### Source material
▼

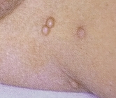 水いぼは伝染性軟属腫ともいい、小さなお子さんにできる水いぼウイルスの感染症です。水いぼを引っ掻くと周囲に飛び散り感染するだけでなく、他のお子さん・とくに湿疹やアトピーなどで肌が弱い方に移りやすいのが問題です。基本的に自然治癒しますが、時間が半年~1年と長く、掻き壊すと際限なく広がったり、化膿して膿むこともあります。
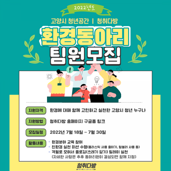 청년 환경동아리는 청취다방에서 진행한 청년작당 프로젝트 1탄 ‘나의 환경해방일지 쓰기 챌린지’에서 발전된 아이디어이다.
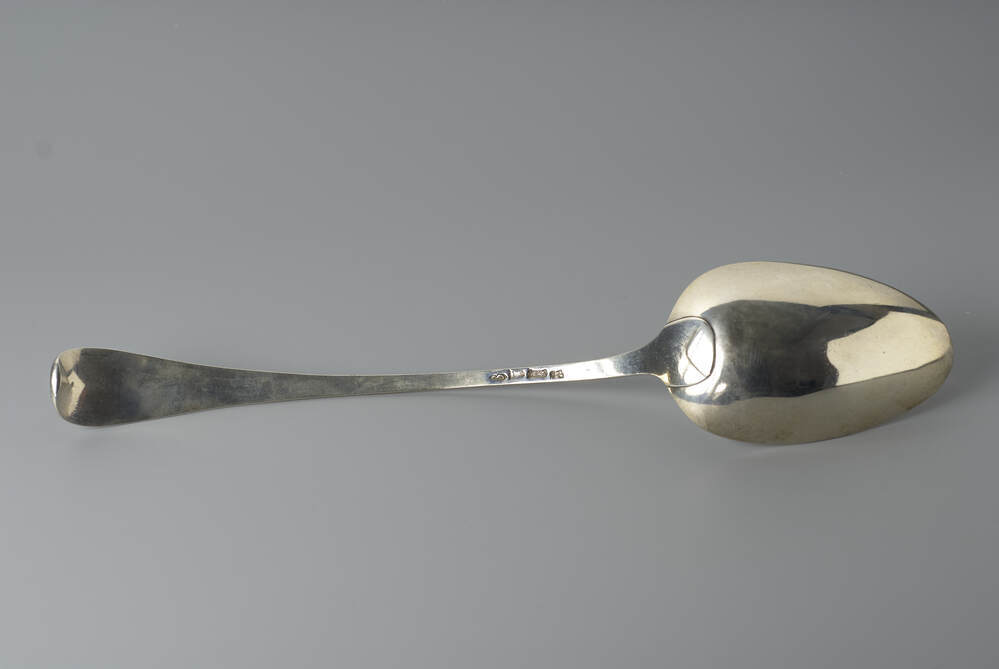 Lepel met puntig ovale bak, steel met afgeronde kop en enkel lof.- Trefwoorden
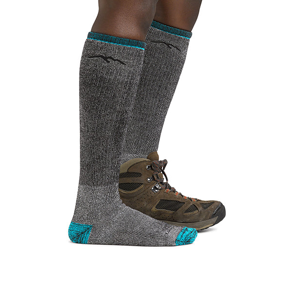 DARN TOUGH ダーンタフ ウィメンズ 1954 マウンテリニアリングオーバーカフ ヘビーウェイトフルクッションはメリノウールをDARN TOUGH VERMONTソックス独自のニッティング技術により密度の高く弾力性のあるループ編みにより高いクッション性で衝撃を吸収し、アンクル上部には、ずれにくいリビングを施し適切なフィットを実現した靴下です。 伸縮性のあるアーチサポートがあり、長時間・長期間のハイクにおいても快適に、そして耐久性はDarn Tough(驚く程タフ)です。アクティビティに対応しております。

▲

### Exercise directions
Your task is to restate word for word the lines from the line holding "청년 환경동아리는 청취다방에서" through the final line of the listing, both included, but none of the pictures.

### Reply
 청년 환경동아리는 청취다방에서 진행한 청년작당 프로젝트 1탄 ‘나의 환경해방일지 쓰기 챌린지’에서 발전된 아이디어이다.
 Lepel met puntig ovale bak, steel met afgeronde kop en enkel lof.- Trefwoorden
 DARN TOUGH ダーンタフ ウィメンズ 1954 マウンテリニアリングオーバーカフ ヘビーウェイトフルクッションはメリノウールをDARN TOUGH VERMONTソックス独自のニッティング技術により密度の高く弾力性のあるループ編みにより高いクッション性で衝撃を吸収し、アンクル上部には、ずれにくいリビングを施し適切なフィットを実現した靴下です。 伸縮性のあるアーチサポートがあり、長時間・長期間のハイクにおいても快適に、そして耐久性はDarn Tough(驚く程タフ)です。アクティビティに対応しております。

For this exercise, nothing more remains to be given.